Hired shale patchers are reaping the rewards of a tight market for workers and equipment as oil drillers expand production. Miller has warned that energy companies that don’t yet have equipment leased out could be in trouble until next year.

Halliburton boosted sales by more than a third to $5.4 billion, led by North America, which had the best revenue in three years.

“In North America, I see revenue continuing to grow – growth rates for calendar positions are stronger than I’ve ever seen at this time of year,” said Miller.

Larger rival SLB, which changed its name from Schlumberger on Monday, posted its best profit in seven years last week as a surge in service prices and increased activity spread out of the United States and Canada into other markets. international School. Baker Hughes Co., the No. 3 oilfield contractor, kicked off the industry’s earnings season Oct. 19 by beating expectations. Baker Hughes said fourth-quarter earnings per share will increase by 50% on a sequential basis.
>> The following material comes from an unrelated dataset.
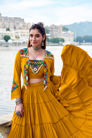Navratri 2025 Pure Rayon Mustard Lehenga Choli with Mirror Gamthi Work & Koti

In a complete reversal from just a few years ago, Halliburton currently spends 80% of its fleet production efforts in Duncan, Okla., on refurbishment and just 20% on new construction. It’s an example of how oilfield service providers are manipulating equipment supply growth to increase the prices they can charge. According to research by Kimberlite International Oilfield Research, the total cost of mining is expected to increase by 27% this year.

Last month, Halliburton announced it had completed the sale of its business in Russia to a group of former employees based in the country. Baker Hughes is also working to finalize the sale of its oilfield services business before the end of the year, while SLB says its unique company structure allows it to continue working in Russia without breaking the bank. violate sanctions.